少しこれらについて正規表現で表すことを考えてみる。ただし、正規表現は文法を規定するものではないので単純にマッチするかどうかしか判定できない。

<[\x20-\x3d\x3f-\x7e]*>

x[0-9A-F]+((\.([0-9A-F]+))|(-([0-9A-F]+)))?

d\d+((\.\d+)|(-\d+))?

b[01]+((\.[01]+)|(-[01]+))?

% (
    b[01]+((\.[01]+)|(-[01]+))? # bin-val
    |
    d\d+((\.\d+)|(-\d+))? # dec-val
    |
    x[0-9A-F]+((\.([0-9A-F]+))|(-([0-9A-F]+)))? # hex-val
  )

%((b[01]+((\.[01]+)|(-[01]+))?)|(d\d+((\.\d+)|(-\d+))?)|(x[0-9A-F]+((\.([0-9A-F]+))|(-([0-9A-F]+)))?))

"[\x20-\x21\x23-\x7e]*"

である。 comment は VCHAR が [\x21-\x7e] で CRLF が \x0d\x0a さらに WSP が [\x20\x09] なので

;[\x09\x20-\x7e]*\x0d\x0a

(;[\x09\x20-\x7e]*)?\x0d\x0a

((;[\x09\x20-\x7e]*)?\x0d\x0a)?[\x20\x09]

ただし、最初にも注意したように正規表現は文法を規定するものではないので限界がある。例えば、alternation をみると concatenation がその定義に入っている。さらに、concatenation には repetition が入っている。 repetition には element があり、element には option がある。で、 option を見ると alternation となる。これでも最後は終端値にたどり着くがこれを行うのは正規表現の仕事ではない。ただし、電子メールアドレスや URI の類は正規表現である程度まで捕まえることが出来る。正確に言うと特定の文字列が電子メールアドレスらしき姿をしているかどうかということの判定なら正規表現で出来るということである。

誤解しないで欲しいのは、正規表現の翻訳を試みたのはあくまでも正規表現の練習になるからである。いくら正規表現を使ってもパーサとは別のレキシカルアナライザを作るのにはある程度役にたつがパーサは作れない。

再び URL の話になる。ABNF をお目にかけたところで URL の ABNF を RFC1738 から抜きだして来た。
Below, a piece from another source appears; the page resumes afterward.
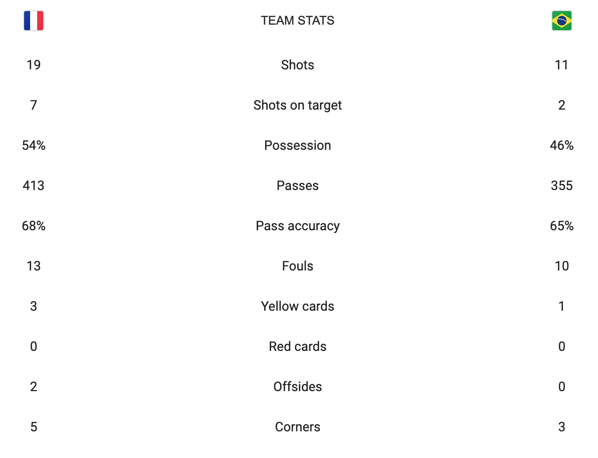 It was a close game with France getting the edge. France pulled off the win. It could have gone either way. Both teams played really well.

上の説明と違うのは、『または』の / のかわりに | が用いられているところである。

; The generic form of a URL is:

genericurl     = scheme ":" schemepart

; Specific predefined schemes are defined here; new schemes
; may be registered with IANA

url            = httpurl | ftpurl | newsurl |
                 nntpurl | telneturl | gopherurl |
                 waisurl | mailtourl | fileurl |
                 prosperourl | otherurl

; new schemes follow the general syntax
otherurl       = genericurl

; the scheme is in lower case; interpreters should use case-ignore
scheme         = 1*[ lowalpha | digit | "+" | "-" | "." ]

schemepart     = *xchar | ip-schemepart


; URL schemeparts for ip based protocols:

ip-schemepart  = "//" login [ "/" urlpath ]
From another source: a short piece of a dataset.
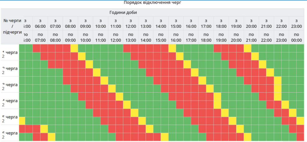 Знеструмлення охоплюють шість черг споживачів. Вони триватимуть від півгодини до 3 год для кожної з черг у різний час доби:

login          = [ user [ ":" password ] "@" ] hostport
hostport       = host [ ":" port ]
host           = hostname | hostnumber
hostname       = *[ domainlabel "." ] toplabel
domainlabel    = alphadigit | alphadigit *[ alphadigit | "-" ] alphadigit
toplabel       = alpha | alpha *[ alphadigit | "-" ] alphadigit
alphadigit     = alpha | digit
hostnumber     = digits "." digits "." digits "." digits
port           = digits
user           = *[ uchar | ";" | "?" | "&" | "=" ]
password       = *[ uchar | ";" | "?" | "&" | "=" ]
urlpath        = *xchar    ; depends on protocol see section 3.1

; The predefined schemes:

; FTP (see also RFC959)

ftpurl         = "ftp://" login [ "/" fpath [ ";type=" ftptype ]]
fpath          = fsegment *[ "/" fsegment ]
fsegment       = *[ uchar | "?" | ":" | "@" | "&" | "=" ]
ftptype        = "A" | "I" | "D" | "a" | "i" | "d"

; FILE

fileurl        = "file://" [ host | "localhost" ] "/" fpath

; HTTP

httpurl        = "http://" hostport [ "/" hpath [ "?" search ]]
hpath          = hsegment *[ "/" hsegment ]
hsegment       = *[ uchar | ";" | ":" | "@" | "&" | "=" ]
search         = *[ uchar | ";" | ":" | "@" | "&" | "=" ]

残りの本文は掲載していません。